"It's obvious that you have recovered," she said.
"I certainly feel much better; but what prompted your remark?"
"These stairs. You don't seem to feel them, but if you expect me to run up and down, you'll have to make them shallower and less steep. I've been up twice since I came. I must confess to a weakness in my knee."
Challoner gave her a sharp glance.
"I'm sorry," he said. "Mrs. Foster mentioned something about your not walking much; I should have remembered."
"It's the weather; I find the damp troublesome. If you don't mind, I think we'll go down."
Challoner gave her his arm, and Millicent, standing in the picture gallery, noticed their return. She suspected that it was the result of some maneuver of Mrs. Keith's intended for her advantage, and she tried to summon her resolution. The man she loved would sail the next day, believing that his poverty and the stain he had not earned must stand between them, unless she could force herself to give him a hint to the contrary.
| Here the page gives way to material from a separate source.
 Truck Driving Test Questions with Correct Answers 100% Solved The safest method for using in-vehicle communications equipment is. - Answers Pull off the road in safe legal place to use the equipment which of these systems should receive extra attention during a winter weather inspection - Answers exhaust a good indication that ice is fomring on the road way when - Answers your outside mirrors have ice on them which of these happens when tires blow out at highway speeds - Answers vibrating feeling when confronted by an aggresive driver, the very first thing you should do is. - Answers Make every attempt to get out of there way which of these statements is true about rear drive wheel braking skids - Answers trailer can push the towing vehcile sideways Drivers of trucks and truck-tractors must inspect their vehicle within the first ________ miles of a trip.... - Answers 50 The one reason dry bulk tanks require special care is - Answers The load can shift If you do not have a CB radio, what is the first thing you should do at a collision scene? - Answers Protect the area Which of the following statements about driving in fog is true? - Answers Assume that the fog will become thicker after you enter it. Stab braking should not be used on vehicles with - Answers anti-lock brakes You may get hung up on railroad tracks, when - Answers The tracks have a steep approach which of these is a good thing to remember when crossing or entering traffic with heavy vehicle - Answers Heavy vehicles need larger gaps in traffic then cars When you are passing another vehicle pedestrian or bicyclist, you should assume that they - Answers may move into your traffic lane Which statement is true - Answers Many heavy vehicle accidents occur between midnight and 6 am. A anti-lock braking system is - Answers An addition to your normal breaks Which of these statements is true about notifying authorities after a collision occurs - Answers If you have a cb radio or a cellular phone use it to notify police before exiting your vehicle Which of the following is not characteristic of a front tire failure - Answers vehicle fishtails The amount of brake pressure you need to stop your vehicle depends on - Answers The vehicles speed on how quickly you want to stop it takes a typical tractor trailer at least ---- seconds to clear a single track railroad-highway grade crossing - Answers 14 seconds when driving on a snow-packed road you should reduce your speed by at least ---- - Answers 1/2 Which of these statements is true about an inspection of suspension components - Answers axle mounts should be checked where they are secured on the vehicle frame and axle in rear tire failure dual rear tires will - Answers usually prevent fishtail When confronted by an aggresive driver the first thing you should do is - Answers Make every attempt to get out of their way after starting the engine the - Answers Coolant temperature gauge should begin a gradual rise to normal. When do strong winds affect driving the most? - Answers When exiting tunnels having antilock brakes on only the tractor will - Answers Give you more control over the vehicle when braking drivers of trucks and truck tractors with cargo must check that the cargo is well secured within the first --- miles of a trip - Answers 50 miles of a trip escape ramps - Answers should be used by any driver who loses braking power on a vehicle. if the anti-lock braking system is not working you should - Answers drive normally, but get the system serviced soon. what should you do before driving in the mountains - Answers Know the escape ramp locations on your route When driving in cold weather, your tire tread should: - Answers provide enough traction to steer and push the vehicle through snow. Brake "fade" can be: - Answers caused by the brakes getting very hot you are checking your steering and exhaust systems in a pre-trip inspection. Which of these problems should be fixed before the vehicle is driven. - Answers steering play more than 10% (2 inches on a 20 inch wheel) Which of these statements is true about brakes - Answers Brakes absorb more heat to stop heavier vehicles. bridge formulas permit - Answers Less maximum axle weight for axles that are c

This was the only sensible course, but she timidly shrank from it.
Blake unlocked a glass case and, taking out two shelves, he carefully laid them on a table.
"There they are," he said with a rather nervous smile. "I've no doubt the things are interesting, and if our friends come up they can look at them. But it wasn't Benares brassware that brought me up here."
"Wasn't it?" Millicent asked demurely.